> Stored data
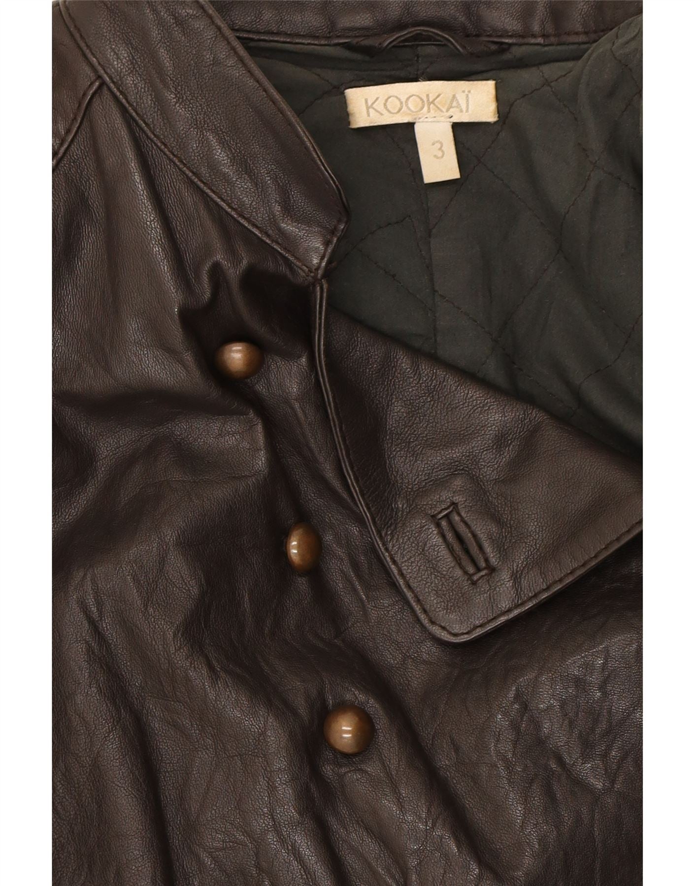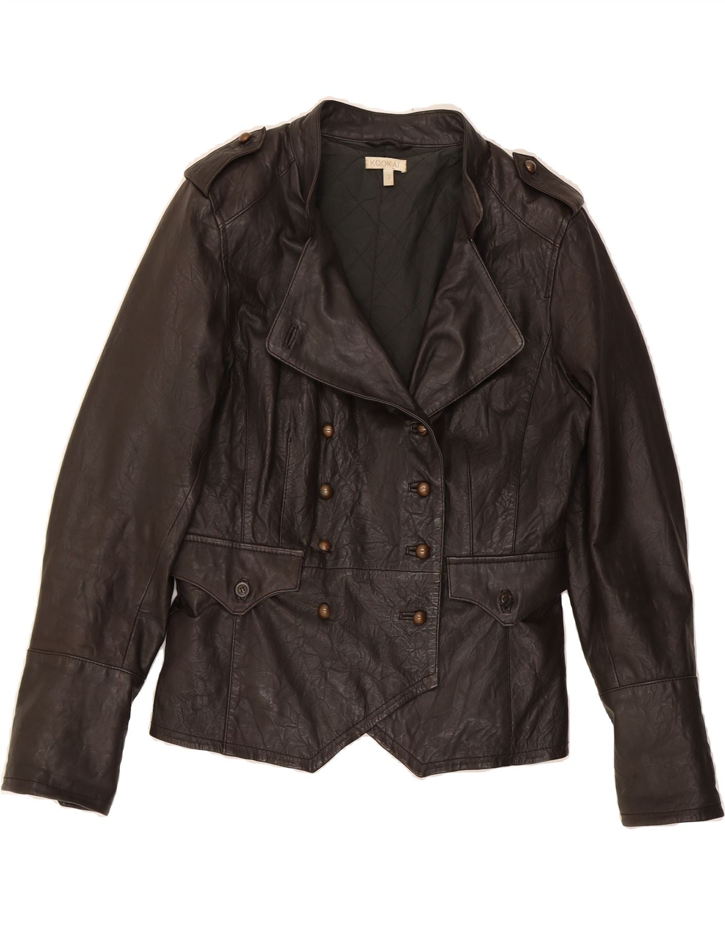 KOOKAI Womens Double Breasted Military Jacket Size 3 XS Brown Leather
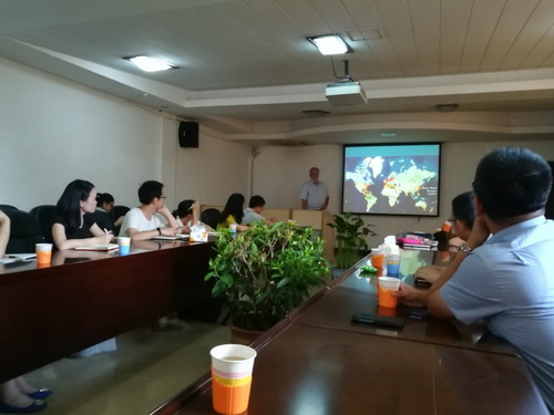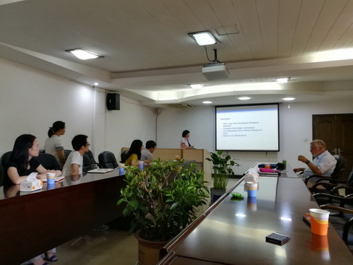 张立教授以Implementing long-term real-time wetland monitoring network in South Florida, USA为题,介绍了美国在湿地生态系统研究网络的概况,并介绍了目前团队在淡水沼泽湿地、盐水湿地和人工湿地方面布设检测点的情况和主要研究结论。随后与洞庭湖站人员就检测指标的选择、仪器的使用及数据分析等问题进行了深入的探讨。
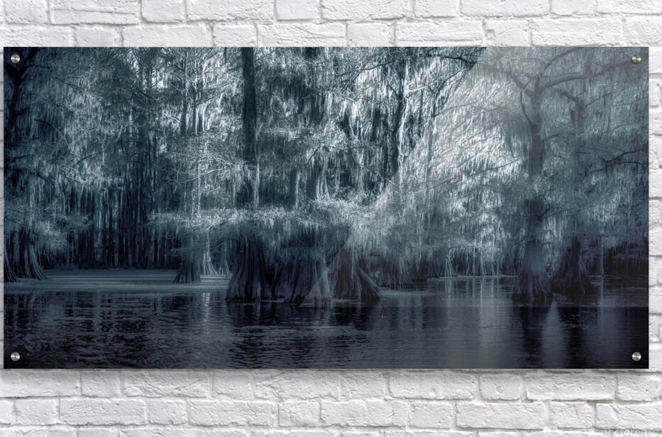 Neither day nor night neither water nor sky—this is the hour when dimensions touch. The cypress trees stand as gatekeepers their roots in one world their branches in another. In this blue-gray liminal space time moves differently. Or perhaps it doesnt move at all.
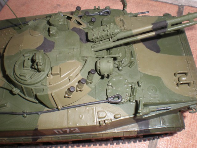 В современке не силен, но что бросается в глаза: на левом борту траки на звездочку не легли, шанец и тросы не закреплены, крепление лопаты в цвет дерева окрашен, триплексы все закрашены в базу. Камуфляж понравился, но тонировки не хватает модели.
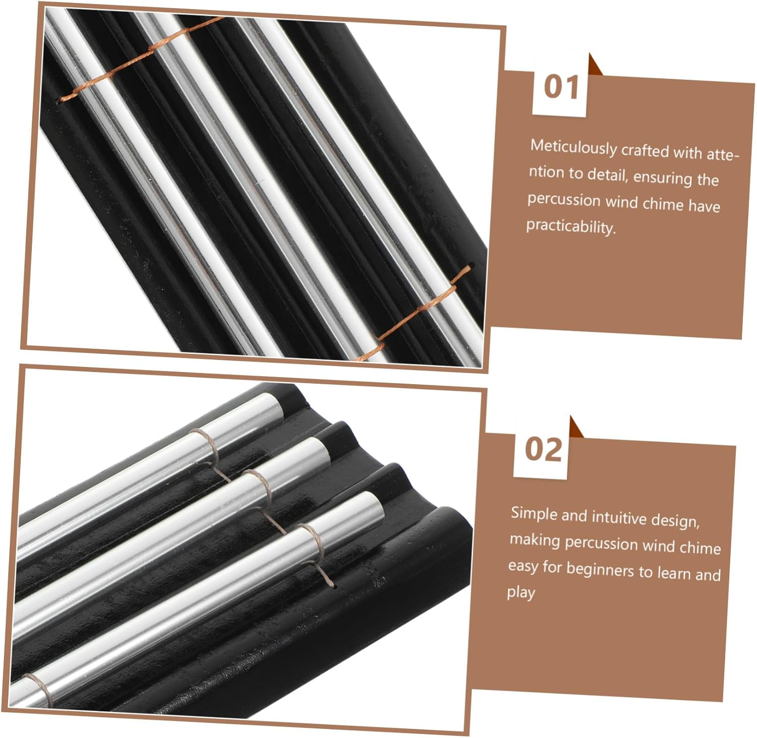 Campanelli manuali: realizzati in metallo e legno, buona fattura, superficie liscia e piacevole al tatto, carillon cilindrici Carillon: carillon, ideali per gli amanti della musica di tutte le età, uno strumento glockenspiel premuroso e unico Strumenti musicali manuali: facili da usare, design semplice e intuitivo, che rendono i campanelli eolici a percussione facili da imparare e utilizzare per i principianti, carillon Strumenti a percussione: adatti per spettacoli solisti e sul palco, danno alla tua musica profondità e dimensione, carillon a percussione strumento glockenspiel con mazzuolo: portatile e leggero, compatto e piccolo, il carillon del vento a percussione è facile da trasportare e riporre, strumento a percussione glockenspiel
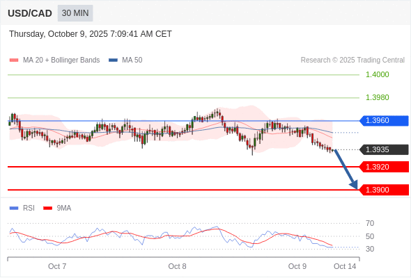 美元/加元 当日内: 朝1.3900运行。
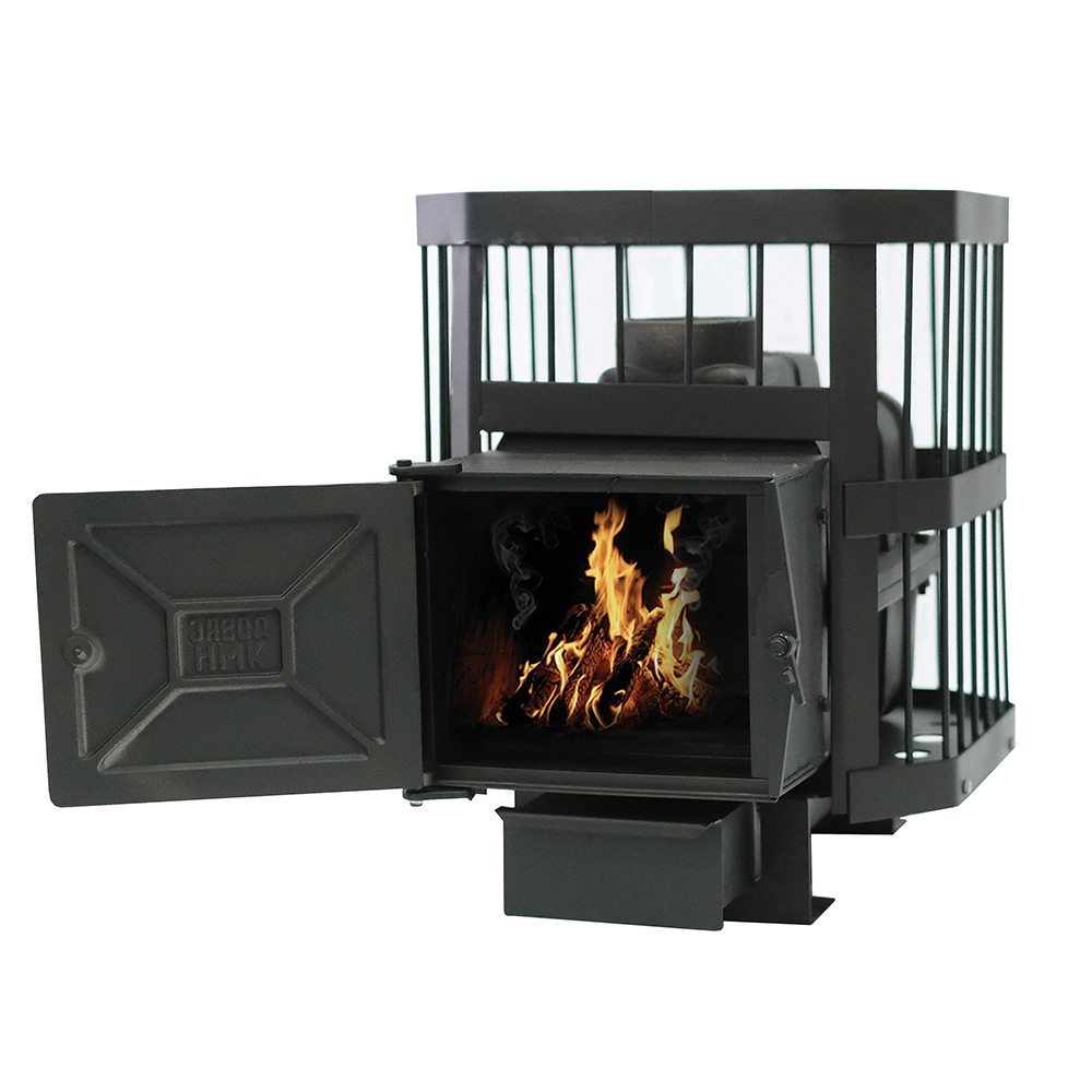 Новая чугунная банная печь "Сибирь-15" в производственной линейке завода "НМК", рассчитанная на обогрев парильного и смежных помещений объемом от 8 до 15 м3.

> Task statement
Give each record above back word for word, but carry over none of the pictures.

> Answer for this exercise
 KOOKAI Womens Double Breasted Military Jacket Size 3 XS Brown Leather
 张立教授以Implementing long-term real-time wetland monitoring network in South Florida, USA为题,介绍了美国在湿地生态系统研究网络的概况,并介绍了目前团队在淡水沼泽湿地、盐水湿地和人工湿地方面布设检测点的情况和主要研究结论。随后与洞庭湖站人员就检测指标的选择、仪器的使用及数据分析等问题进行了深入的探讨。
 Neither day nor night neither water nor sky—this is the hour when dimensions touch. The cypress trees stand as gatekeepers their roots in one world their branches in another. In this blue-gray liminal space time moves differently. Or perhaps it doesnt move at all.
 В современке не силен, но что бросается в глаза: на левом борту траки на звездочку не легли, шанец и тросы не закреплены, крепление лопаты в цвет дерева окрашен, триплексы все закрашены в базу. Камуфляж понравился, но тонировки не хватает модели.
 Campanelli manuali: realizzati in metallo e legno, buona fattura, superficie liscia e piacevole al tatto, carillon cilindrici Carillon: carillon, ideali per gli amanti della musica di tutte le età, uno strumento glockenspiel premuroso e unico Strumenti musicali manuali: facili da usare, design semplice e intuitivo, che rendono i campanelli eolici a percussione facili da imparare e utilizzare per i principianti, carillon Strumenti a percussione: adatti per spettacoli solisti e sul palco, danno alla tua musica profondità e dimensione, carillon a percussione strumento glockenspiel con mazzuolo: portatile e leggero, compatto e piccolo, il carillon del vento a percussione è facile da trasportare e riporre, strumento a percussione glockenspiel
 美元/加元 当日内: 朝1.3900运行。
 Новая чугунная банная печь "Сибирь-15" в производственной линейке завода "НМК", рассчитанная на обогрев парильного и смежных помещений объемом от 8 до 15 м3.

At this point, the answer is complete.